There are two main challenges in the manufacturing of Wolter optics: to achieve a perfect figure and to keep the micro-roughness of the optical surface low. The accuracy of the figure described in terms of roundness and slope errors governs the overall point spread function and thus the angular resolution of the optics. A particular difficulty is the proper figuring of the break between the parabolic and hyperbolic part or the alignment of separate parboloids and hyperboloids. Surface errors range from long-wave deformations to high spatial frequencies where interference effects dominate the imaging quality rather than geometric optics. In the regime of interference, the surface errors are called micro-roughness. As X-rays have wavelengths about a factor of hundred shorter than optical light, the requirement on the micro-roughness is correspondingly high. There is a distinct relationship between the X-ray scattering and the surface topography described by vector electromagnetic scattering theory [1,5]. The reducing of micro-roughness required extreme efforts in the early days of X-ray optics, whereas super-polishing down to a few tenth of a nanometer micro-roughness is now standard.
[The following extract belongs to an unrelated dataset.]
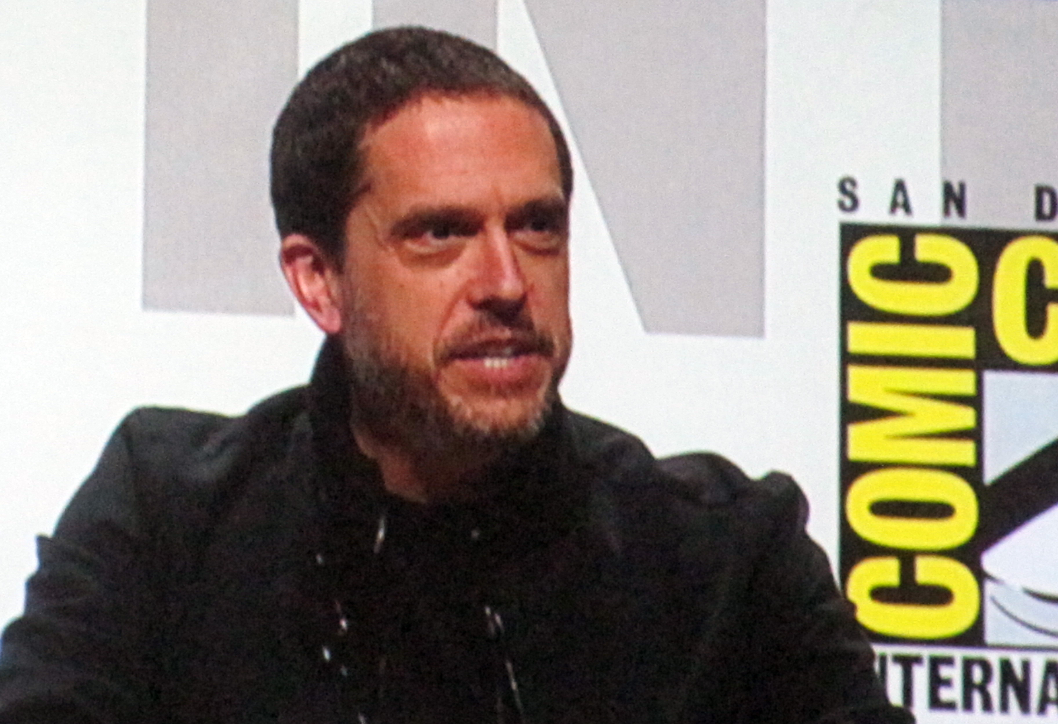 Director Lee Unkrich participating in the Toy Story 3 panel at WonderCon 2010.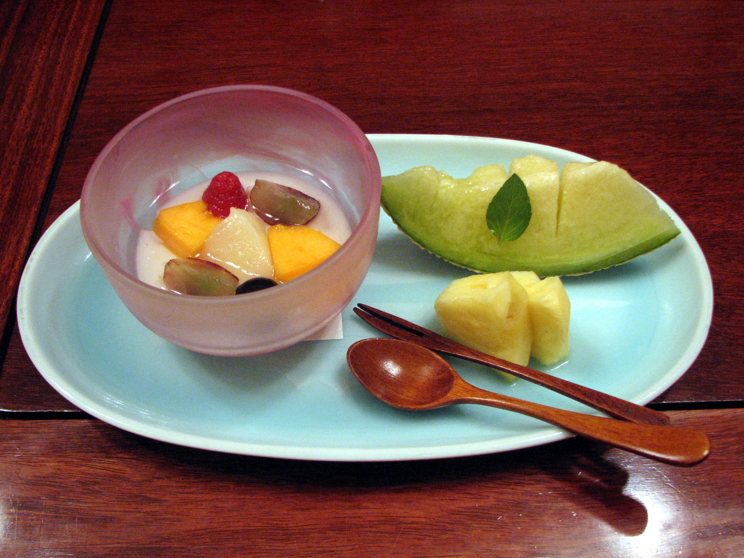 Kaiseki ryori at the Iwasaki mansion in Tsukiji, Tokyo. The full course is (current image in bold): Starter: Steamed Tofu and Okura with sea urchin, with tiger prawn in jelly, eel sushi, steamed duck, and pike conger Clear soup (no photo) Sashimi from Snapper, with lobster, tuna, and squid. See also other view Stewed dish: Eggplant in miso with spinach Side dish: Jelly fish sashimi Grilled dish: Grilled Wakasa (Rockfish), with grilled beef in miso, potato, and decorative cut ginger Refresher: Clam steamed in sake with green onion and green pepper Deep fired: Deep fried Matsutake mushroom, zucchini, and pine leaf Rice: Steamed rice with ginger Dessert: Fruits

Most of the first Wolter telescopes have been manufactured in the classical way adopted from optical mirror production. They were made from thick glass blanks, which were ground, polished, and finally coated. For example, fused quartz glass with nickel coating was used for Einstein and Zerodur glass with gold coating for ROSAT (Fig. 6.8). Chandra, the most precise Wolter telescope so far, is made of iridium-coated Zerodur and has an angular resolution of better than 1'' half power diameter (HPD). High-Z corrosion-resistant metals like gold, iridium, and nickel are well suited for the coating of the reflecting mirror sufaces. Multilayer coatings combined of different materials can enhance the reflectance beyond the limit of total external reflection by using constructive interference from the thin layers. Multilayer Wolter optics are under study for future X-ray missions.
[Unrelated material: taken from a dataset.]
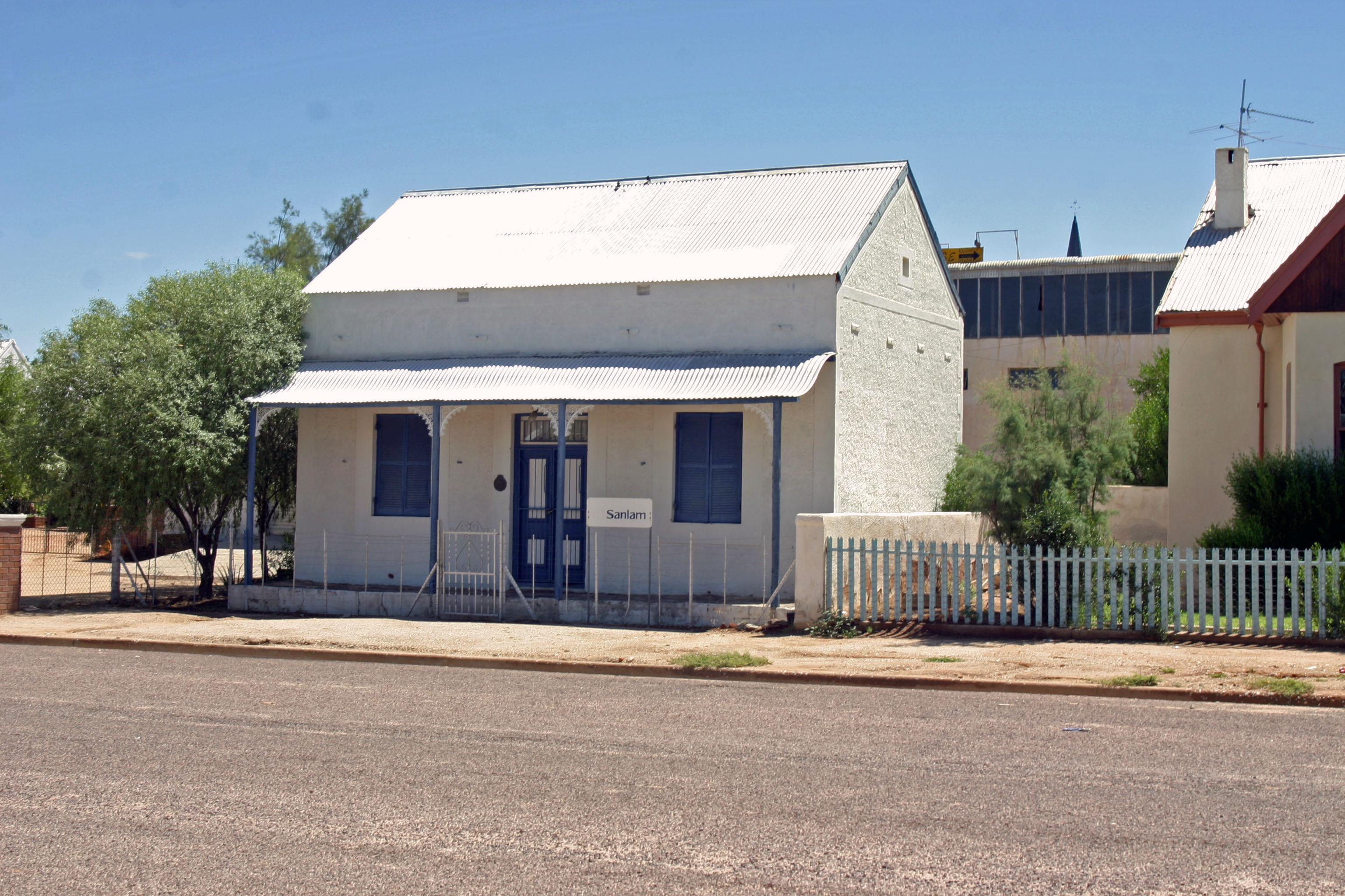 This building, which was erected in 1897, is a typical example of a pioneer house. It is one of the oldest buildings in Kenhardt and is of great historical importance to the area.

After the pioneering astronomical X-ray missions the demand for high throughput X-ray optics initiated the development of light-weight, thin-walled X-ray mirrors. One result of this development, mainly driven by the XMM-Newton mission, was the technique of coated electroformed nickel shells replicated from super-polished mandrels (Fig. 6.8). Another result, e.g., applied for ASCA, was the technique of replicated foil mirror segments (aluminum foil plus epoxy) . Both techniques allow a high degree of nesting. The nickel mirrors are heavier but are suited for an angular resolution up to 16'' HPD (XMM-Newton) whereas the very light foil mirrors achieve a resolution in the arcminute range only. Replication techniques have the advantage that once a mandrel is polished several integration-ready replications can be drawn from it. Even the coating is part of the replication process.
Scientific goals of today require X-ray telescopes with even larger collecting areas on the order of several square meters and angular resolution in the range of arcseconds to avoid source confusion. At the same time, however, limited launch masses are a severe constraint driving the development of new technical solutions for extremely light weight and rigid Wolter optics. Two approaches are currently under study: thin glass mirror segments can be formed in appropriate moulds when the glass has a certain viscosity through heating [6,14]. Still lighter are pore optics made from stacked silicon sheets with small grooves as "light channels" . These techniques are favored for the Wolter optics of the planned X-ray missions: "slumped glass" for Constellation-X and pore optics for XEUS.